Waite Park: Cannonballs and belly flops at the quarryby Marc Sanchez, Minnesota Public Radio
Waite Park, Minn. — St. Cloud earned the nickname "Granite City" in the late 1800's because the stone was so abundant in the area.
Mining crews dug deep -- creating quarries that remain today as evidence of their work.
In 1992, the city of Waite Park, just southwest of St. Cloud, purchased a granite quarry from Cold Spring Granite Co.
The quarry hadn't been used much since the 1950's and the land was beginning to revert to its natural state. The city thought the property seemed like a good addition to Stearns County's Quarry Park and Nature Preserve.
The site was already a favorite of mountain bikers, who had been sneaking on to the land for years.

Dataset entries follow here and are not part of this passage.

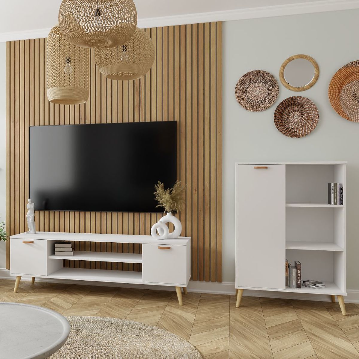 Dulapul FONDI este un mobilier extrem de practic, care combină simplitatea cu estetica inspirată de stilul scandinav. Datorită designului său elegant, se potrivește excelent în interioarele moderne, adăugându-le lejeritate și prospețime. Rafturile sale spațioase permit expunerea decorațiunilor preferate, cărților sau fotografiilor, permițând personalizarea interiorului și adăugarea unui caracter unic. Spațiile de depozitare practice ajută la menținerea ordinii și oferă loc pentru depozitarea diverselor obiecte.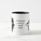 Ett leende tecknad-spöke kastar upp händer i förvillelse med en svart, ojämn kant-bakgrund. Samma bild trycks på båda sidor av mugg, med anpassadet i mitten som säger "Känn bara ett spöke av mig på sistone!". *Den här designen användor klipper ut bilder från www.graphicsfactory.com.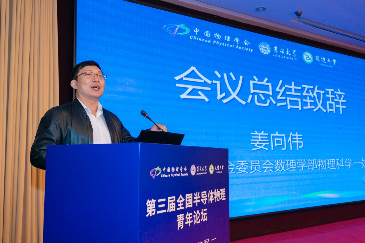 论坛闭幕式由日本av 电子科学与工程学院李贤斌教授主持,国家自然科学基金委员会数理学部物理科学一处姜向伟主任做了总结发言,他对本次论坛的成功举办表示最热烈的祝贺,希望各位青年学者能够继续保持对科学的热爱和追求,勇于面对挑战,勇于探索未知领域。经过论坛组委会的商议和讨论,拟定南京大学为下届全国半导体物理青年论坛的举办单位。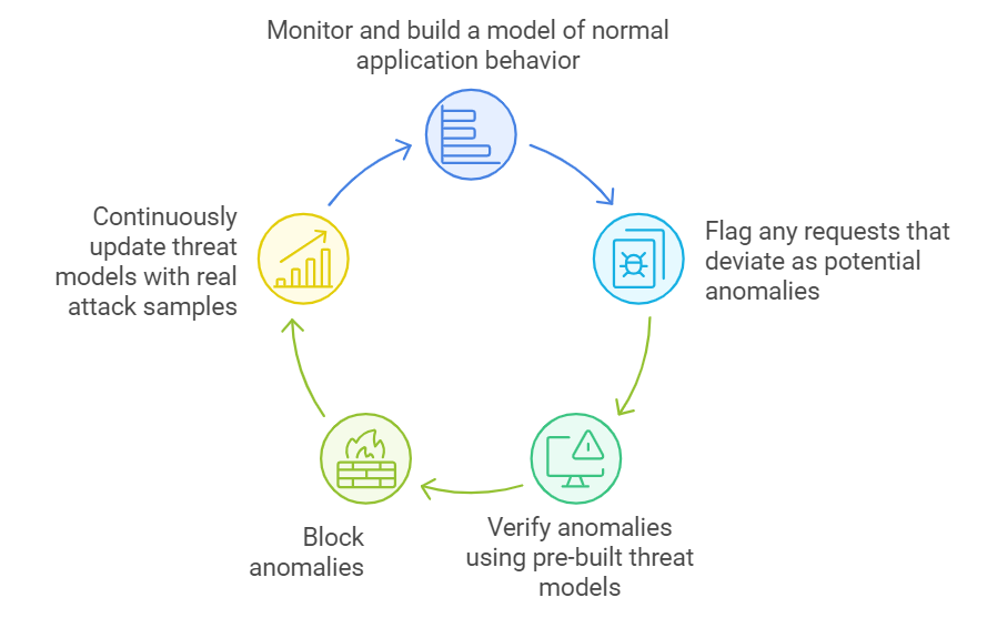 The second layer then verifies these anomalies using pre-built, continuously updated threat models trained on thousands of real attack samples, such as SQL Injection and Cross-site Scripting (XSS).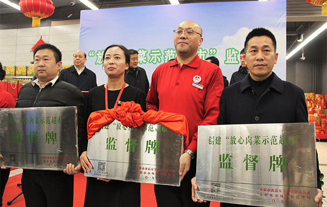 1月10日,美特好興華街店、迎澤西大街店、濱河購(gòu)物廣場(chǎng),沃爾瑪長(zhǎng)風(fēng)街店,太原王府井,永輝超市迎澤分公司等6家超市負(fù)責(zé)人從太原市副市長(zhǎng)王愛琴手中接過了創(chuàng)建“放心肉菜示范超市”監(jiān)督牌。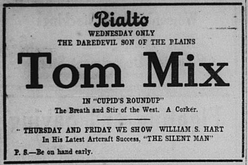The Tribune ran ads for features shown at the Rialto. Here are some: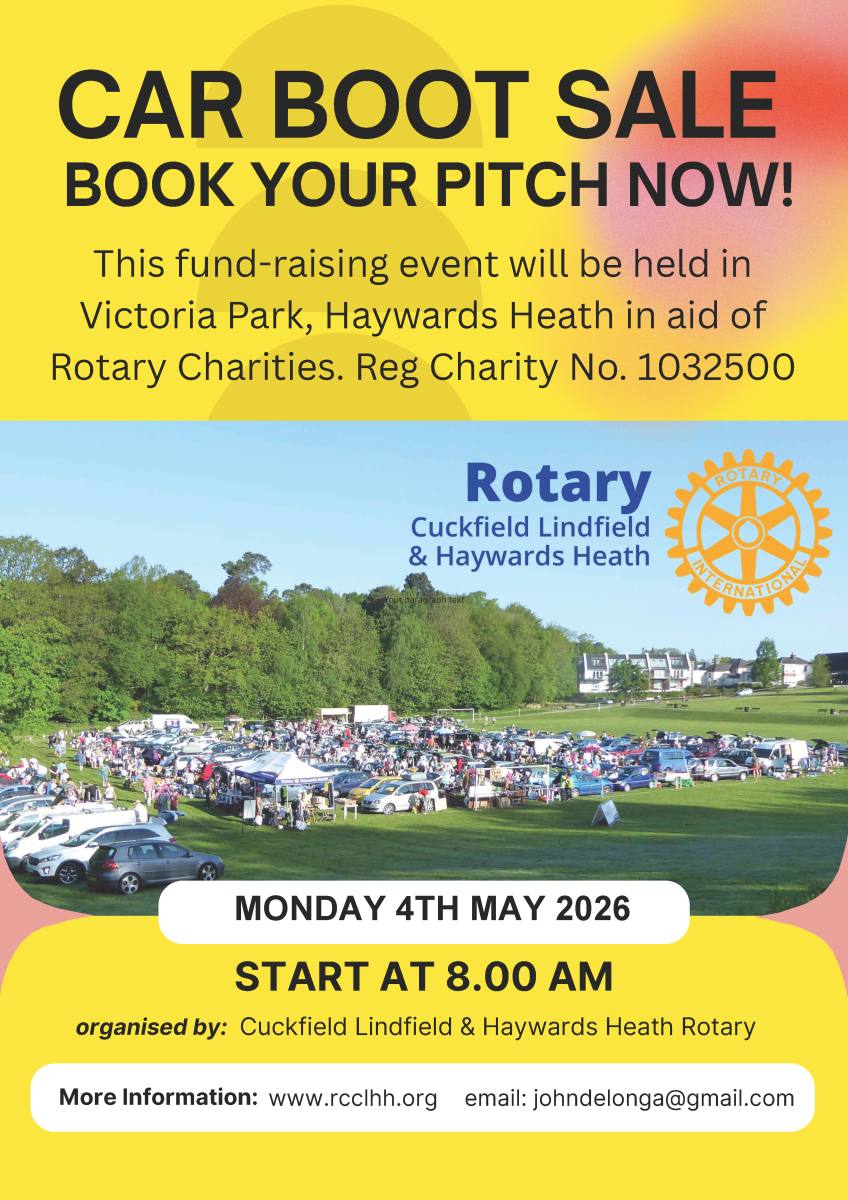 Cuckfield Lindfield & Haywards Heath Rotary Club meets most Tuesdays at 7pm for 7.30pm for supper, friendship, social interaction, business and hearing an interesting speaker.

When the park officially opened in 1998, one of the main attractions became Melrose Deep 7. That's the abandoned quarry where you'll find the swimming hole.
Ensconced by jutting pieces of worn granite, the water reaches depths of 116 feet. On a good day, you can see 20 feet down through the water.
On a hot day, it's not unusual to find 400 to 500 people lining the banks, swimming and diving in Melrose Deep 7. With yelps of joy and cannon ball splashes, kids fling themselves off 20 foot peaks into the the pool below.
There are a few tried and true places that one can safely jump from. Stearns County Park Director Chuck Wocken tells of accidents that happen every year. He suggests giving a thorough check of any spots you're thinking of jumping into before your first dive.
The park is host to 30 quarries in all. Some are zoned for fishing, some for scuba diving, but only one is strictly for swimming. Mountain bikers can now be on the up and up with their own technical zones. There are an abundance of trails ready for hiking and cross country skiing in the winter.